Re: [PR] [Relax][PyTorch] Fix InternalError when converting scaled_dot_product_attention with 2D inputs [tvm]

via GitHub Fri, 28 Nov 2025 20:04:21 -0800


gemini-code-assist[bot] commented on code in PR #18524:
URL: https://github.com/apache/tvm/pull/18524#discussion_r2572785994



##########
python/tvm/relax/frontend/torch/base_fx_graph_translator.py:
##########
@@ -1477,10 +1477,48 @@ def _pixel_shuffle(self, node: fx.Node) -> relax.Var:
         return self.block_builder.emit(relax.op.nn.pixel_shuffle(data, 
upscale_factor))
 
     def _scaled_dot_product_attention(self, node: fx.Node) -> relax.Var:
-        transpose_S_H = lambda tensor: relax.op.permute_dims(tensor, [0, 2, 1, 
3])
-        query = transpose_S_H(self.env[node.args[0]])

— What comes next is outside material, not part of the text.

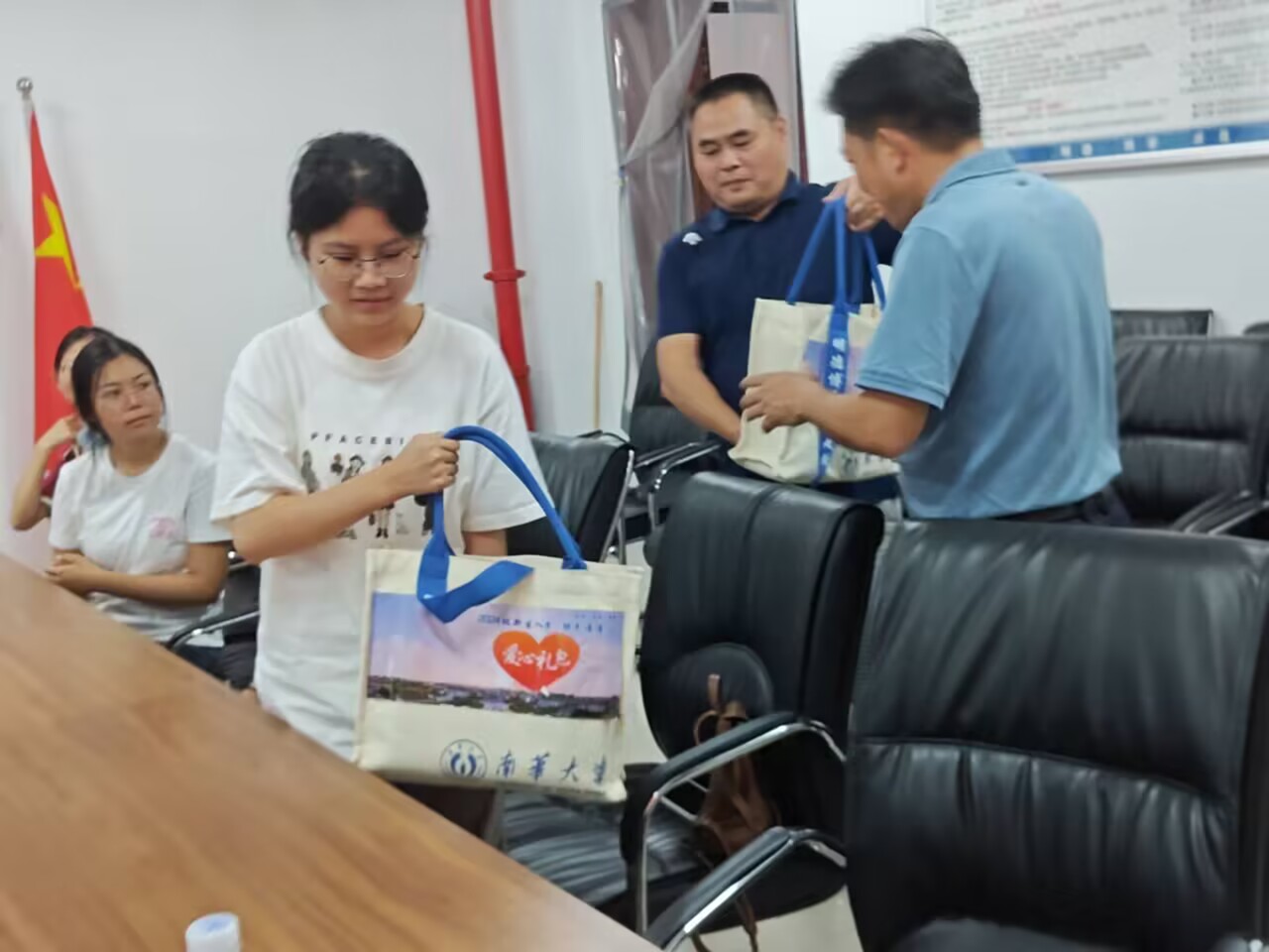 活动最后,公司领导和老师为同学们送上公司的爱心资助大礼包。此次座谈会将激励着每一位同学努力前行,将这份人文精神和家国情怀带向未来的学习生活,继续在各自的专业里奋发向上、奋勇争先。

-        key = transpose_S_H(self.env[node.args[1]])
-        value = transpose_S_H(self.env[node.args[2]])
+        query_tensor = self.env[node.args[0]]
+        key_tensor = self.env[node.args[1]]

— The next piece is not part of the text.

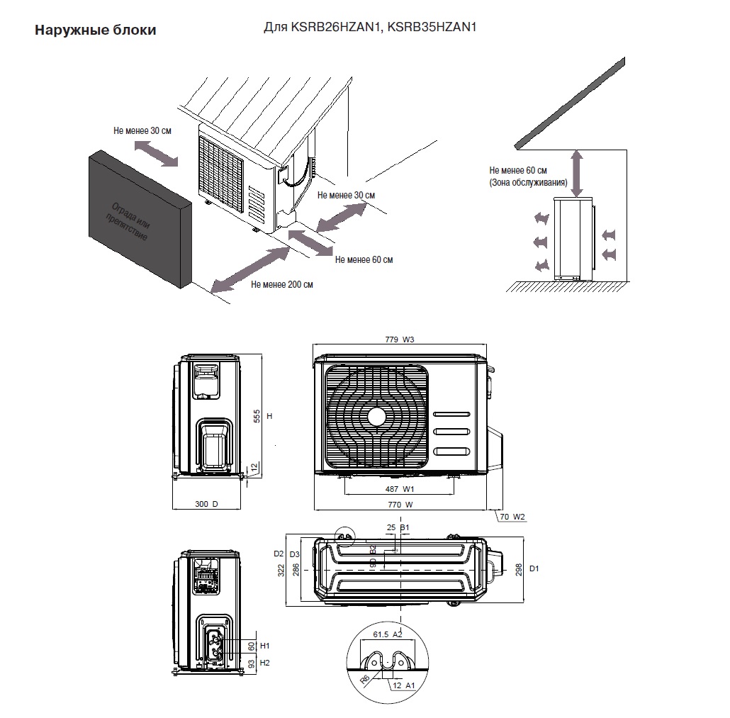 Размер внешнего блока (ШxВxГ), мм

+        value_tensor = self.env[node.args[2]]
+        
+        # Check the dimensionality of the input tensors
+        query_ndim = len(query_tensor.struct_info.shape)
+        
+        # TVM's nn.attention requires 4D inputs (batch, seq_len, num_heads, 
head_dim)
+        # For 2D inputs (seq_len, head_dim), we need to reshape to 4D first
+        if query_ndim == 2:
+            # 2D input: (seq_len, head_dim) -> expand to (1, seq_len, 1, 
head_dim)
+            # Add batch dimension at axis 0
+            query_3d = 
self.block_builder.emit(relax.op.expand_dims(query_tensor, axis=0))

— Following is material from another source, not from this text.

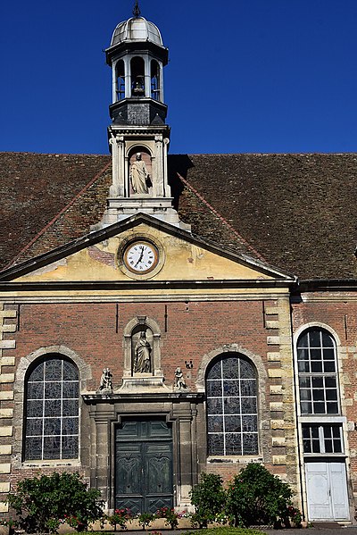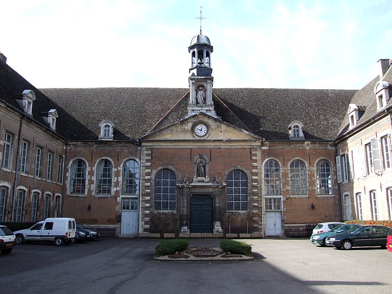 Après consultation de la population le 25 mars 1688, les magistrats accordèrent l'emplacement et les fonds, et la construction commença rapidement. Une première salle des malades de 18 lits et une aile destinée à la communauté des sœurs furent élevées, comportant salle de réunion, salle du conseil, dortoirs, cuisines, réfectoire, infirmerie des sœurs et apothicairerie. Entre 1730 et 1734 une chapelle dédiée à Saint-Louis fut bâtie à droite de la salle des malades ; entre 1765 et 1767 une nouvelle salle, financée par une bienfaitrice, sépara les hommes et les femmes à droite de la chapelle. En 1859 l'aile nord fut aménagée pour les infirmes et les vieillards, puis léguée aux hospices par la veuve Baudot le 23 juillet 1862, le legs réservant deux lits à des indigents infirmes de Pagny-le-Château. En 1877-1878 les deux pavillons du portail furent aménagés sous la direction de l'architecte Louis Belin, de Dijon.

+            key_3d = self.block_builder.emit(relax.op.expand_dims(key_tensor, 
axis=0))
+            value_3d = 
self.block_builder.emit(relax.op.expand_dims(value_tensor, axis=0))
+            # Add num_heads dimension at axis 2
+            query = self.block_builder.emit(relax.op.expand_dims(query_3d, 
axis=2))
+            key = self.block_builder.emit(relax.op.expand_dims(key_3d, axis=2))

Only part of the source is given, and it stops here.